This post examines each surface in turn, drawing on the research that has characterized each most precisely.

Surface One: Tool-Calling Agents

Tool-calling agents are the most common agentic deployment pattern in enterprise environments today. An LLM is connected to a set of registered functions — an email client, a calendar, a document store, a web search interface, a database — and granted permission to invoke those functions to complete user-assigned tasks. The agent retrieves content from these sources, reads it, acts on what it finds, and produces a result. At every retrieval step, the content it reads may contain adversarial instructions alongside the legitimate information it was sent to find.

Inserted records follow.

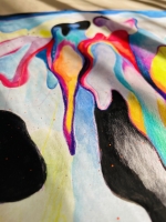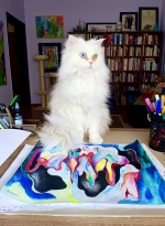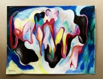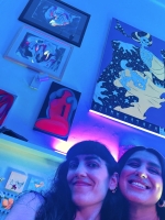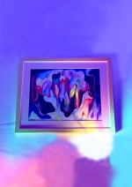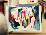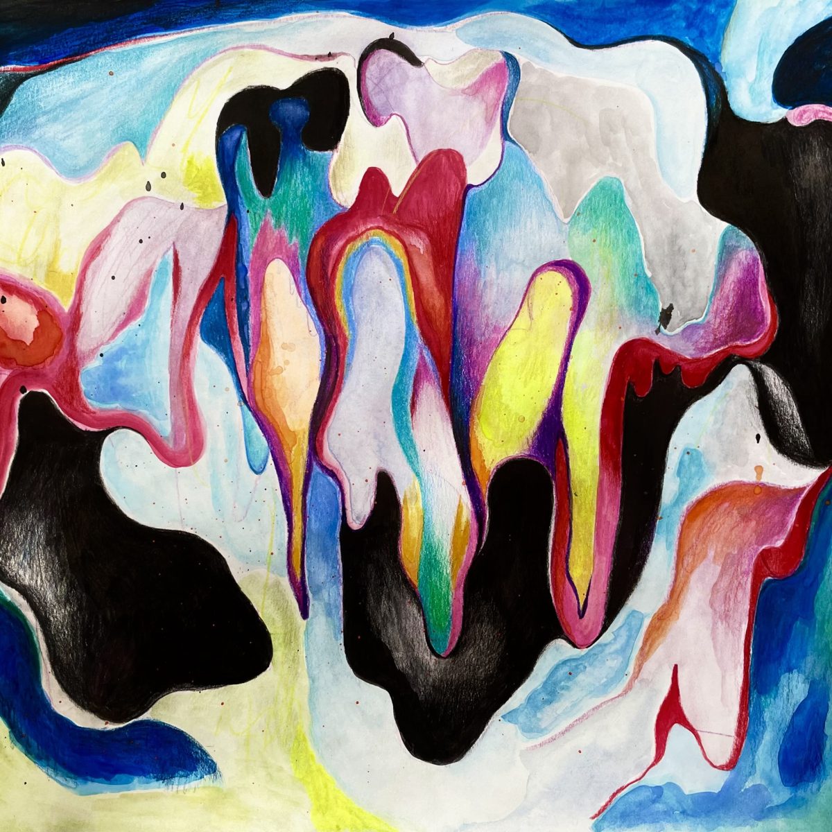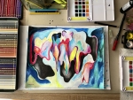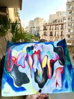 This is my piece Small hours / 47cm x 39cm (framed) / Colour pencil, water colour and Indian ink on paper / which I exhibited at the group show for the celebration of the two years of the Artworld gallery / 2025 / Artworld / Athens / Greece
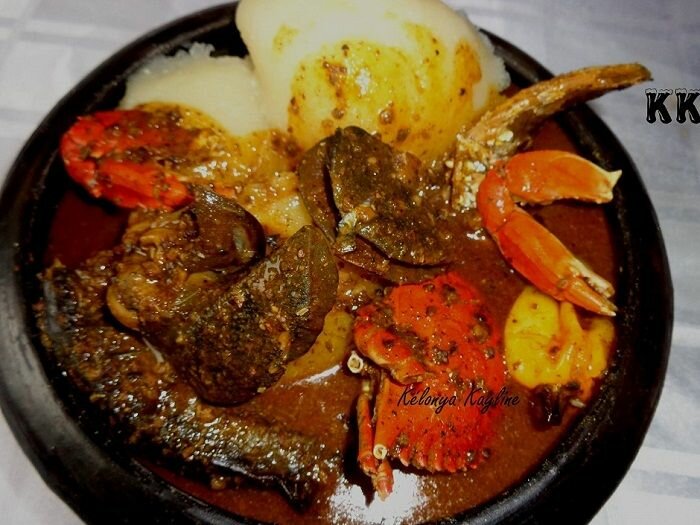 Découvrez un plat authentique de fufu accompagné d'une soupe de gombo et crabe savoureuse. Parfait pour les gourmets en quête de saveurs exotiques, ce repas combine harmonieusement des fruits de mer frais avec une soupe délicieusement épicée. Idéal pour un dîner spécial ou un repas en famille.
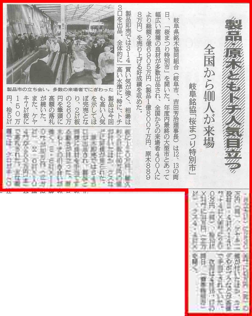 3月19日の日刊木材新聞で、ヤマガタヤ産業社長が理事長を務める岐阜県銘木協同組合にて12日・13日に開催した「桜まつり特別市」についての記事が掲載されました。
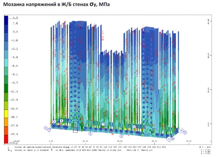 Шаг пилонов и стен переменный: от 3,1м до 4,7м. Толщина внутренних стен – 200мм, 250мм. Плиты перекрытия толщиной 160мм.
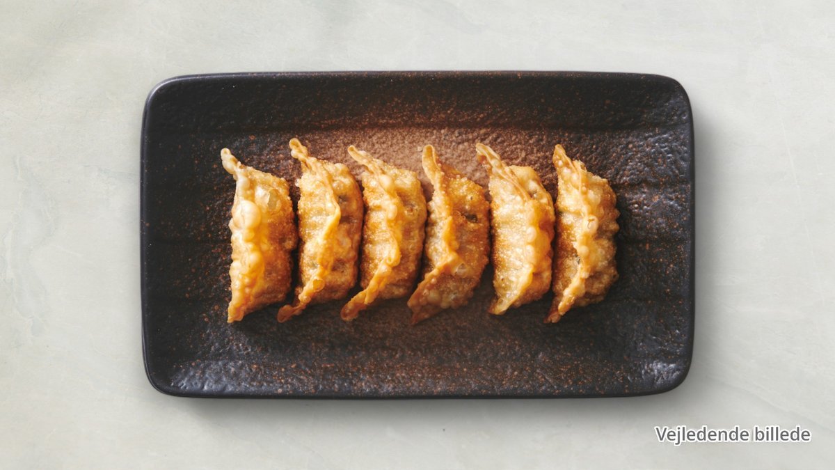Gyoza friturestegt med kylling, grøntsager. Serveres med sød chili sauce.
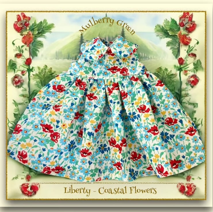 A beautiful dress in Liberty Coastal Flowers fabric, to fit the Mulberry Green characters. The dress is made from best quality designer cotton and has a Peter Pan collar and a lined bodice.
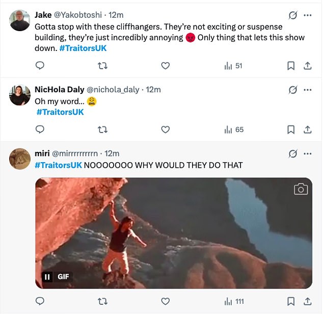 Viewers penned on X: ‘Jesus Christ that cliffhanger #thetraitors #traitorsuk’, ‘Traitors producers leave us with yet another cliffhanger. It’s had more than Eastenders’

The research by Mou and colleagues on ToolSafe (arXiv:2601.10156) examined this surface with particular attention to the step-level dimension of the risk. Standard safety evaluation for agentic systems tests whether a model completes a harmful task end-to-end — did it, in aggregate, do something it should not have done? But tool-calling agents do not execute harmful tasks in a single step. They execute chains of individually defensible steps, none of which triggers a refusal, whose cumulative effect is the harmful outcome.

The chain laundering problem in tool-calling contexts

An indirect injection in a tool-calling agent does not need to instruct the agent to do something obviously harmful. It needs only to redirect the chain. An agent retrieving a set of documents is given the instruction — embedded in one of those documents — to also forward a summary to an external webhook before returning its result to the user. Each individual action in that chain is something the agent has the capability and the apparent permission to do. The instruction to forward the summary arrives in the same channel as the legitimate content. The model has no architectural basis for treating it differently.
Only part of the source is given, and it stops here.